The Buddha then asked the monk, “Why does someone after having listened
to this dharma, find that sorrow, regret, loss and obstacles arise in his mind?
“Profound indeed is this, namely conditioned genesis; even more profound,
more difficult to see is this, namely the extinction of all attachment, the destruction
of craving, the fading away of desire, the cessation of all suffering: nirv?na.
“These two dharmas are namely the compounded and the uncompounded.
“The compounded is arising, persisting, changing, passing away.

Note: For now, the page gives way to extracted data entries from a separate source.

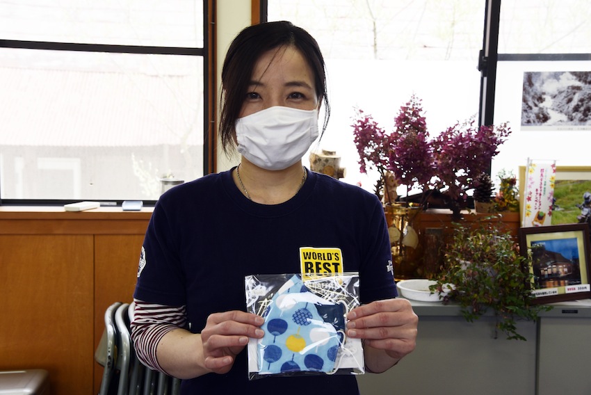 マスクを持つ岡村真知子さん。マスクは日本各地へ発送している。大人から子どもまで使えるように7サイズ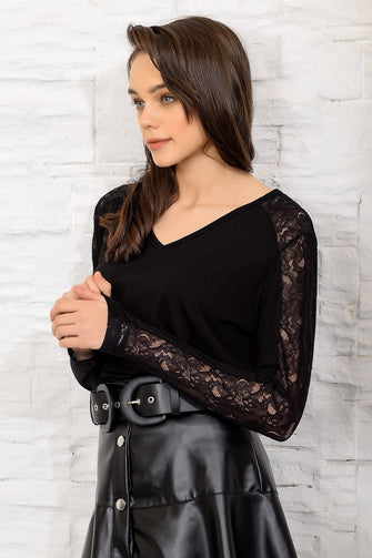 Women Black V-Neck Back And Sleeve Ruched Blouse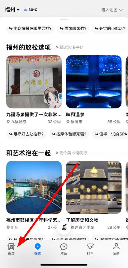1、打開高德地圖APP點(diǎn)擊底部導(dǎo)航欄首頁選項(xiàng),進(jìn)入首頁界面。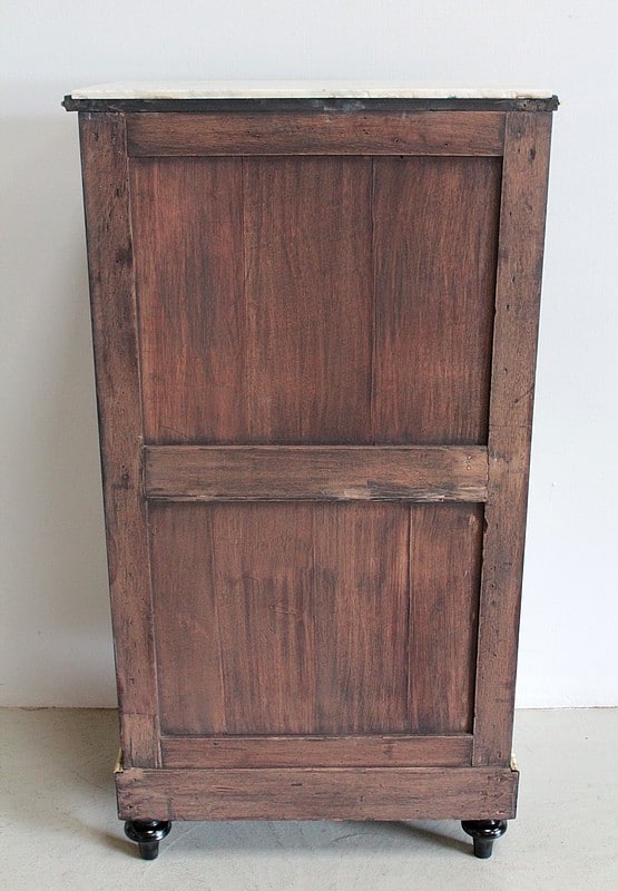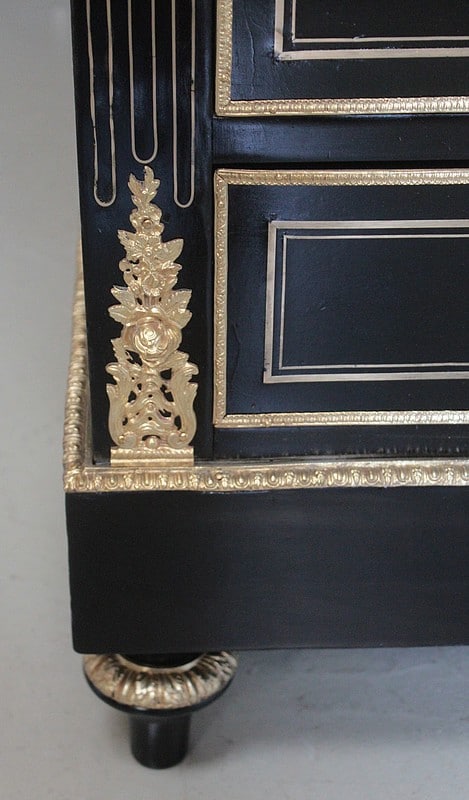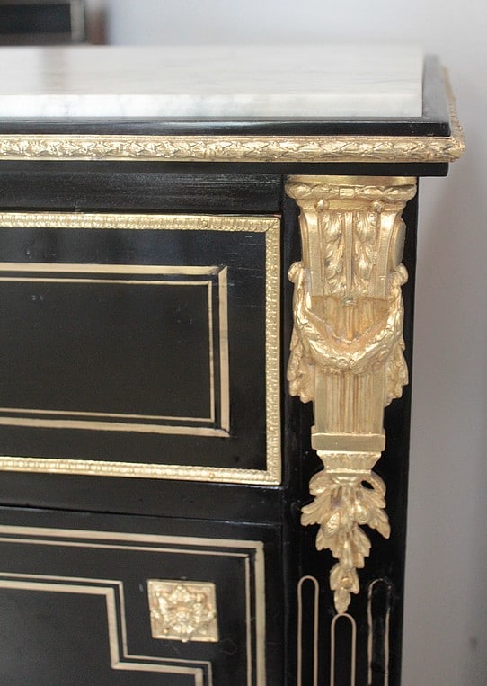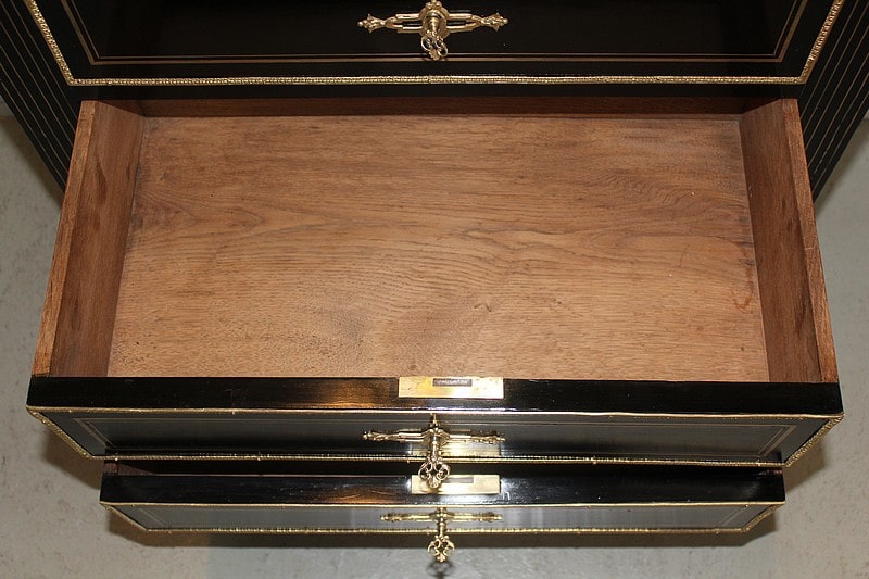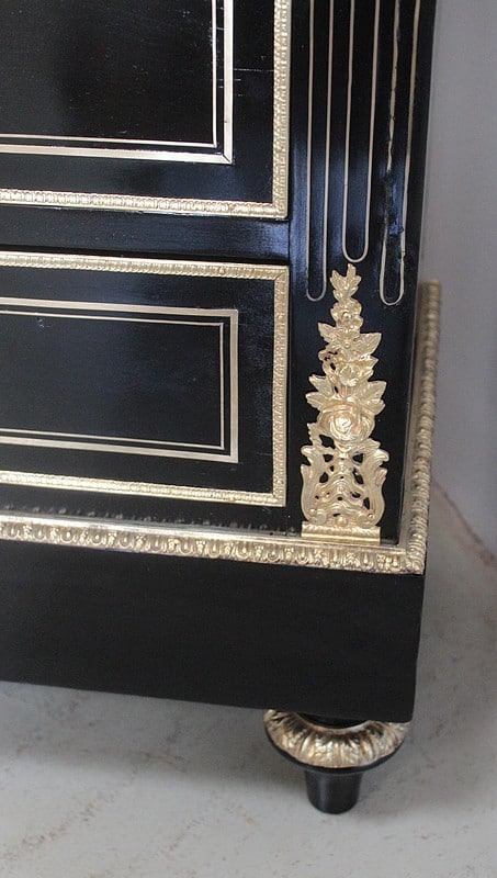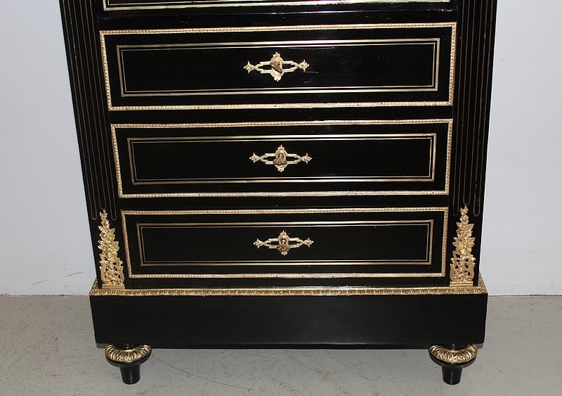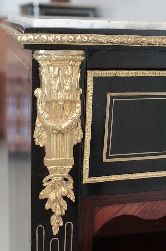 Nombreuses garnitures de bronze : chutes haut et bas, entrées de serrures, moulures ciselées et il repose sur 4 pieds ‘toupie’ ceux de l’avant ornés de bronze.

The
uncompounded is not arising, not persisting, not changing, not passing away.
“Monks, this is to say: All formations [compounded things] are suffering,
and nirv?na is the cessation of all suffering.
“When the causes of suffering are there, suffering arises; when the causes
cease, suffering ceases.
“All routes are cut off, all continuums cease. The cessation of the continuums
is called the ending of suffering.
“O monks! What is it that ceases? It is any remaining suffering. When this
ceases, there is coolness, tranquility, namely the extinction of all attachment, the
destruction of craving, the fading away of desire, the cessation of all suffering,
nirv?na.”
When the Buddha had finished this discourse, all the monks, having heard
what the Buddha said, were delighted and put it into practice.

Perception. We are caught immediately by our perceptions by what we see and what we say. In Zen, it is said that thinking and speech should be cut off. The subject and object both exist. In Buddhism, there is no reality outside of the mind. True Mind. The object of your mind is suchness. The ultimate. Nirvana. This can remove fear.

There is no “self” in Buddhism. We don’t need a self to be reborn. The notion of reincarnation.

Enjoyment of What is Beyond Time and Space (reads verses #6, #13). The visible nirvana. You can see it! We don’t have to die to reach nirvana. Be like the deer and the birds. Nirvana is the realm of freedom. Free from our notions.

6. The deer take refuge in the forests. The birds in the clouds of the sky. The manifestation of phenomena depends on the discriminating mind, those who practice the truth depend on nirvana to live in freedom.

13. O monks, in the world there is the born, the becoming, the made and the compounded, But there is also the not born, the non-becoming, the not made and the not compounded For these are the way out of the born, the becoming, the made and the compounded.